Excerpts from a dataset:
◇ ◇ ◇ ◇ ◇ ◇ ◇
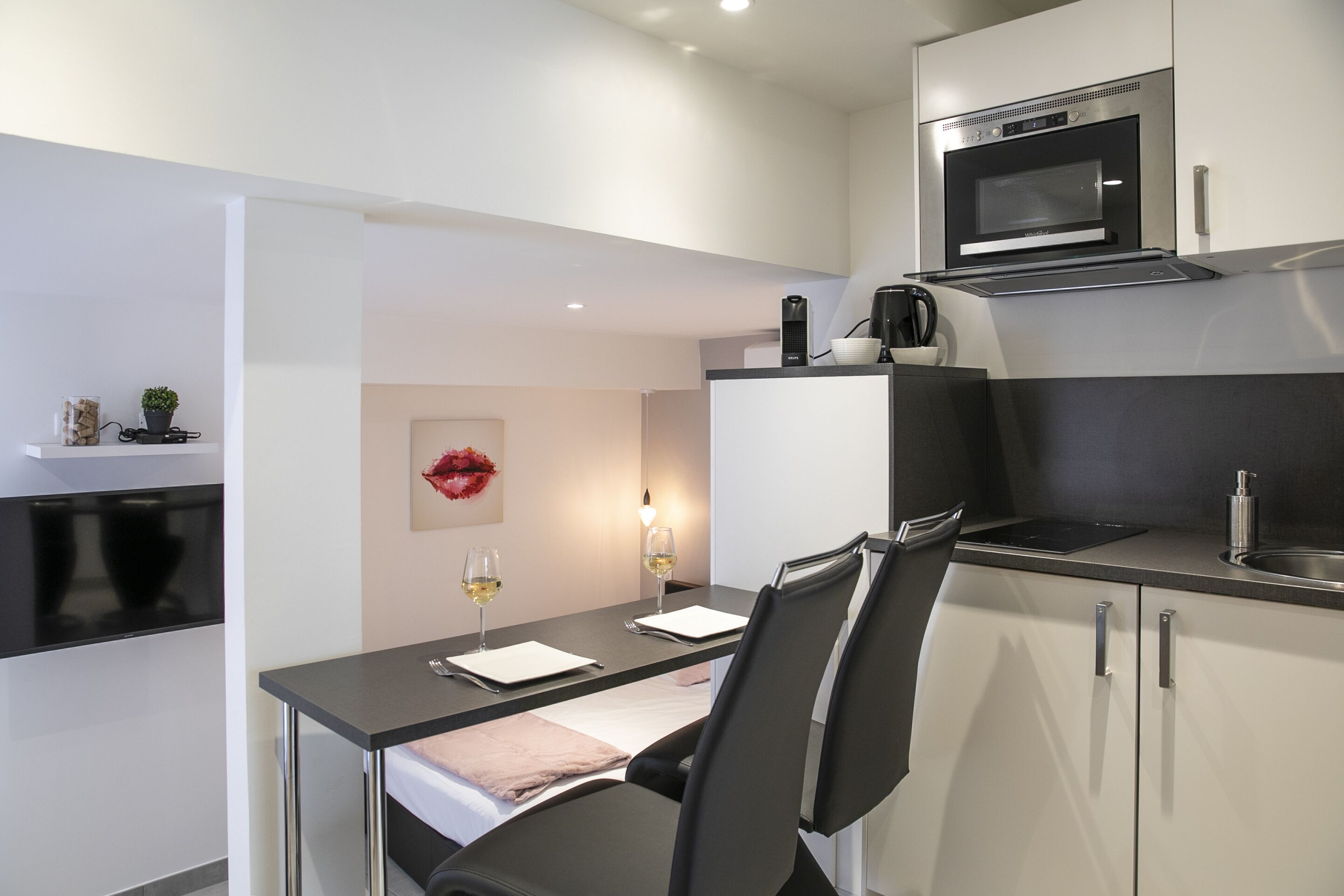 - Kitchen equipment (induction hobs, oven, microwave, fridge with freezer, coffee machine with capsules, kettle, toaster, utensils, cooking equipment, dishes, wine glasses...)
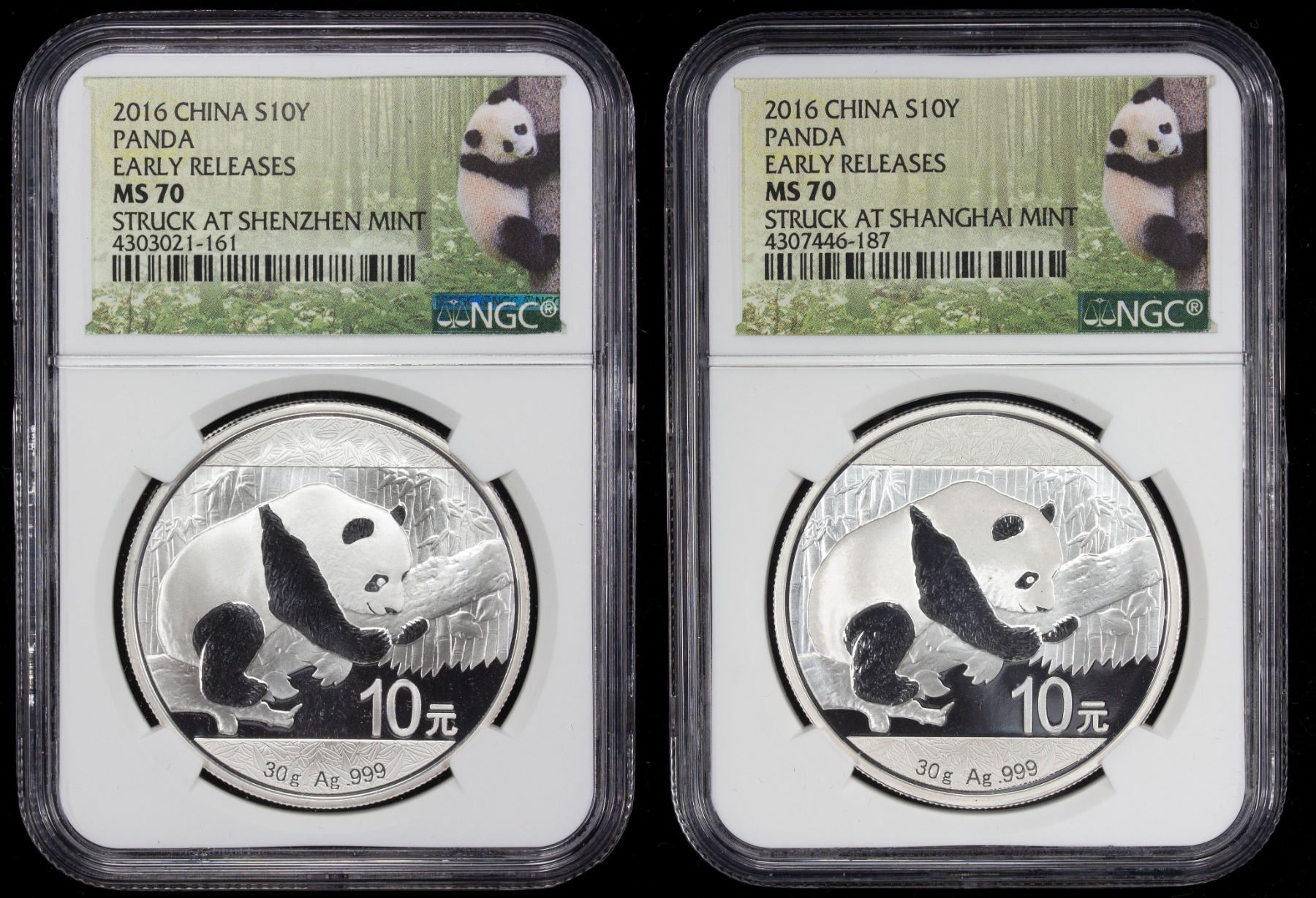 CHINA (PEOPLE'S REPUBLIC): 2-coin set, 2016, KM-2269, set of Silver Panda Series 10 yuan coins, one each from the Shanghai and Shenzhen mints, both graded MS-70 by NGC and set in a custom deluxe case, set of 2 coins.
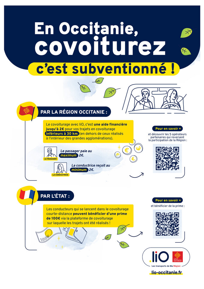 Aide financière de la Région pour le covoiturage de courte distance (distance inférieure à 30 kilomètres)
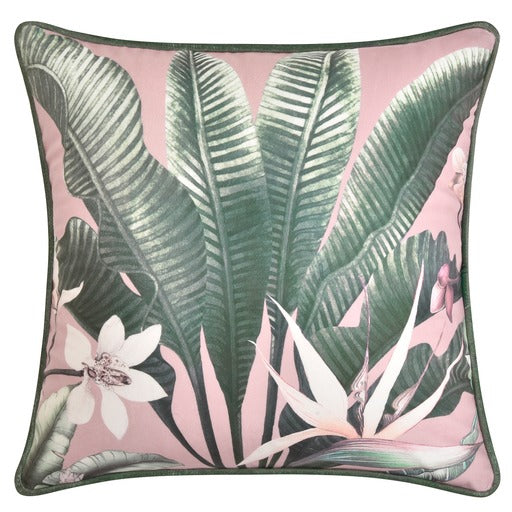 A botanical cushion set on a pink background, the Mika cushion will complement your sofa or bedroom setting.
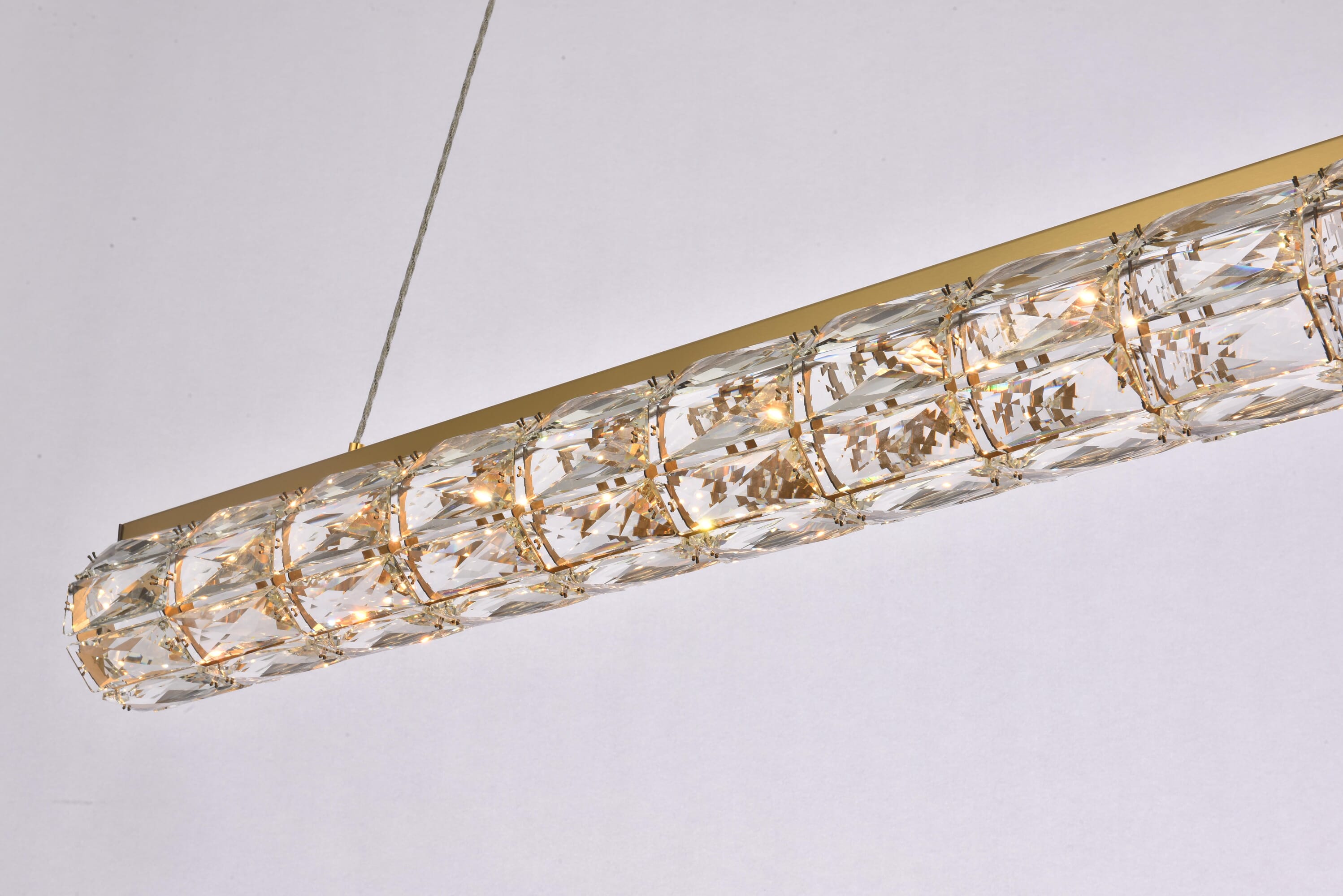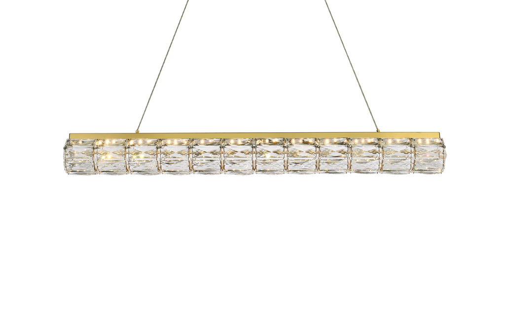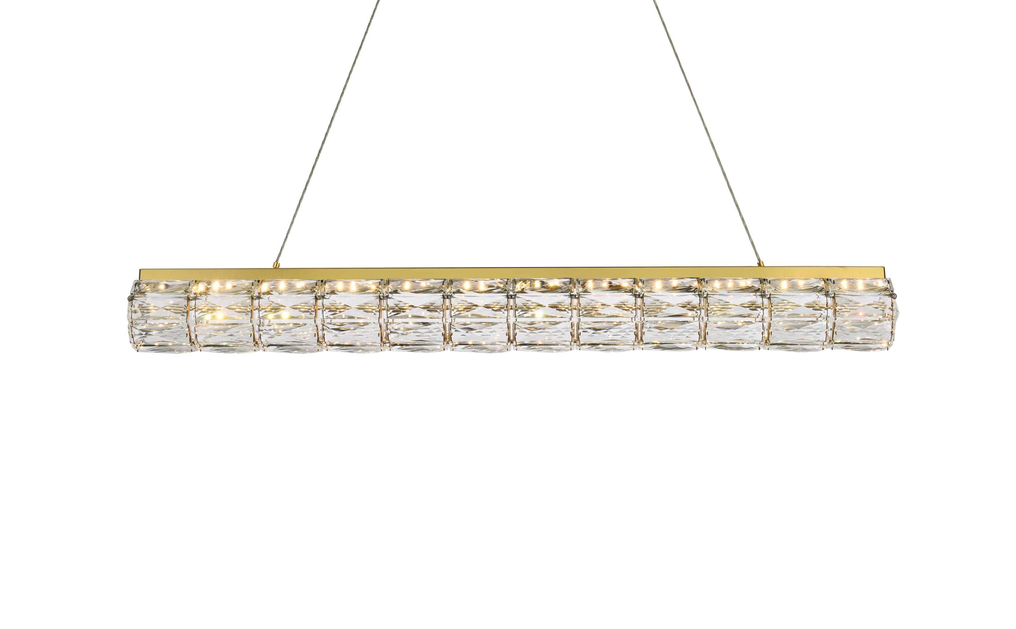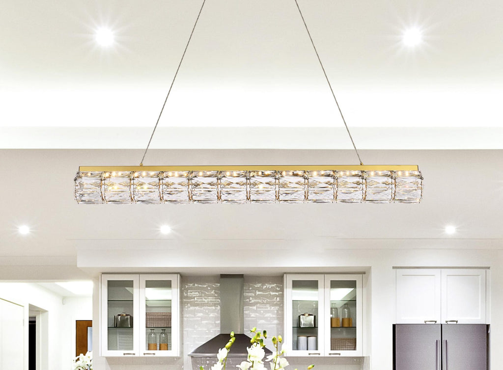 Dimensions Chain/Rod Length: 78" Length: 36" Width: 4" Height: 4" Maximum Height: 80" Wire Length: 78" Specifications Product Type: Pendants Hanging Device: Steel Wire Dimmable: Yes Socket Type: Integrated LED Number of Lights: 1 Crystal/Glass Color: Clear Wire Included: Yes ETL: Yes Harware Material: Iron and stainless steel Product Shape: Rectangle Assembly Required: No Distressed Finish: No Hardware Finish: gold Bulb Included: Yes Dry/Wet/Damp: Dry Weight: 12.1 Product Warranty: 1 year limited Shipment type: small parcel
◇ ◇ ◇ ◇ ◇ ◇ ◇
Activity
The output should consist of every entry above, printed exactly, with the images removed.

Answer to this problem
 - Kitchen equipment (induction hobs, oven, microwave, fridge with freezer, coffee machine with capsules, kettle, toaster, utensils, cooking equipment, dishes, wine glasses...)
 CHINA (PEOPLE'S REPUBLIC): 2-coin set, 2016, KM-2269, set of Silver Panda Series 10 yuan coins, one each from the Shanghai and Shenzhen mints, both graded MS-70 by NGC and set in a custom deluxe case, set of 2 coins.
 Aide financière de la Région pour le covoiturage de courte distance (distance inférieure à 30 kilomètres)
 A botanical cushion set on a pink background, the Mika cushion will complement your sofa or bedroom setting.
 Dimensions Chain/Rod Length: 78" Length: 36" Width: 4" Height: 4" Maximum Height: 80" Wire Length: 78" Specifications Product Type: Pendants Hanging Device: Steel Wire Dimmable: Yes Socket Type: Integrated LED Number of Lights: 1 Crystal/Glass Color: Clear Wire Included: Yes ETL: Yes Harware Material: Iron and stainless steel Product Shape: Rectangle Assembly Required: No Distressed Finish: No Hardware Finish: gold Bulb Included: Yes Dry/Wet/Damp: Dry Weight: 12.1 Product Warranty: 1 year limited Shipment type: small parcel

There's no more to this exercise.